這是桓子柯最後一次走出郁府大門。一個月後,他從邊牆翻了出去,身後是一片火海。

再然後,他就瘋了。

“那你又是如何找到郁公子的?”許主事問道。

桓子柯深深呼吸了兩下,方道:“家父一得到郁府失火的消息,立馬親自率人撲救,可是……太遲了,大火已經把整個府邸燒得幹幹淨淨……不過他們卻在、卻在後院湖邊發現了新柳,因為靠近水源,所以撿回了一條命……”

許主事問道:“你又怎知他是郁新柳?”

桓子柯一怔,道:“他……腰間配着一塊藍田方玉,刻着他的生辰八字,這是新柳的随身之物。”

“我再問你,令尊是何時告知你郁公子尚在人世的?”

桓子柯支吾道:“那時候我正發病……也記不清了……”

“我告訴你吧。”許主事道,“桓都統見你整日瘋瘋癫癫,不食不眠,急壞了,遍尋名醫替你看病。後來,張懷錦大夫給了他一張方子,上面卻并未寫明任何藥材,只寫了一句話。”

不知為何,桓子柯忽然緊張起來,問道:“什麽話?”

許主事豎起一根手指,一字一頓道:“心病還需心藥醫。”

桓子柯茫然:“心藥?什麽心藥?”

許主事轉而指向郁新柳,道:“他就是你的心藥!”

見對方仍不明所以,許主事從懷中掏出一張紙來,揚手道:“你看看這個就知道了。”

桓子柯起身接過,仿佛預料到了什麽,雙手開始不聽使喚地顫抖。

誰都沒能留意道,岑英空洞無神的眼中漸次亮起的清明。

桓子柯一行一行地看,冷汗也一串一串地淌下來,濕透了半身絲袍。到最後嘶叫一聲,竟昏死過去。

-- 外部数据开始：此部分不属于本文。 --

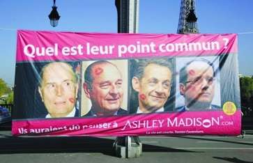 加拿大一家名叫Ashley Madison的网站,专为想出轨的人寻找婚外情机会,并牵线搭桥。最近,这家网站盯上了法国市场。其创始人彼得曼别出心裁地把4位法国总统的头像“借”来做广告,现任总统奥朗德和他的3位前任:萨科奇、希拉克和密特朗,纷纷中招。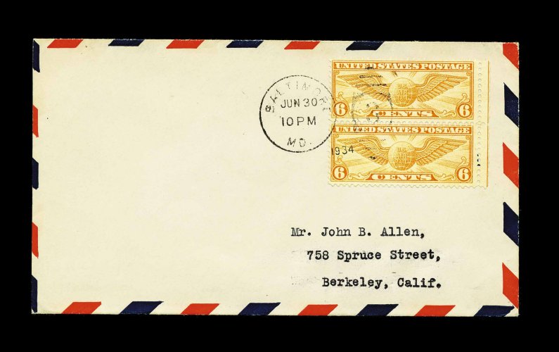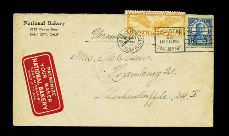 1134 F C19 image#C19, 6c Orange, tied along with 5c Roosevelt to first day cover by "San Francisco Calif./Jun 30/1934" machine pmk., red National Bakery corner card, sent to Germany, air post stamp with fault from overlapping at top edge, cover with some faint soiling from being commercially used, very fine appearance; this San Francisco first day usage is unique, in addition to being an extraordinary usage paying the correct rate to a foreign destination. (Image) Mellone 1,500.00+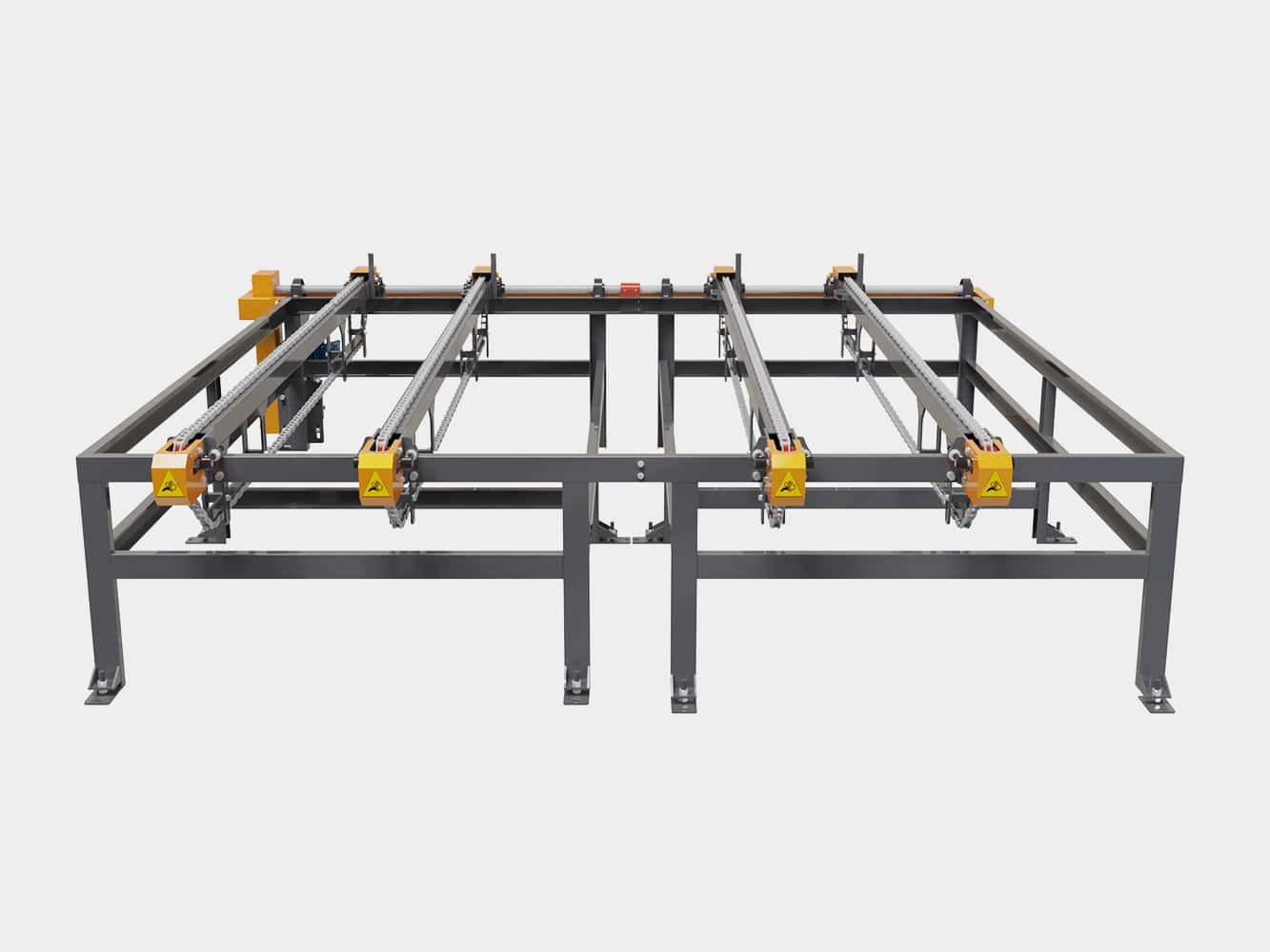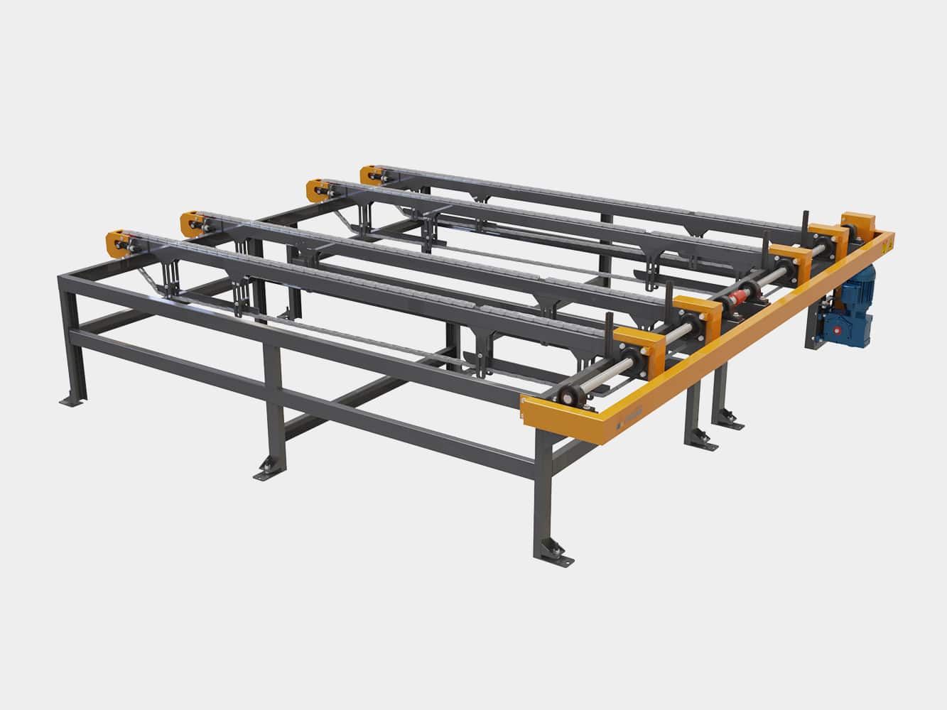 Desenvolvida para transportar, centralizar, alinhar blocos e vigas corrigindo posicionamento e fazendo alimentação automática da sequência de corte.

許主事立刻吩咐下人搶救。掐了好一會兒人中,桓子柯才幽幽轉醒。許主事輕聲問道:“桓公子,這可是令尊親筆所書,親自畫的押,必然不假吧?”

聞言,桓子柯居然渾身發抖,滿眼驚懼,似乎許主事是一個怪物。他吶吶了半晌,始終說不出一句完整的話來。

許主事嘆道:“可憐天下父母心……桓大人用自己的命換下你一條命,供出了殺人滅口的實情。不過死罪可免,活罪難饒。縱火之事,待本官秉明皇上,再作定奪。”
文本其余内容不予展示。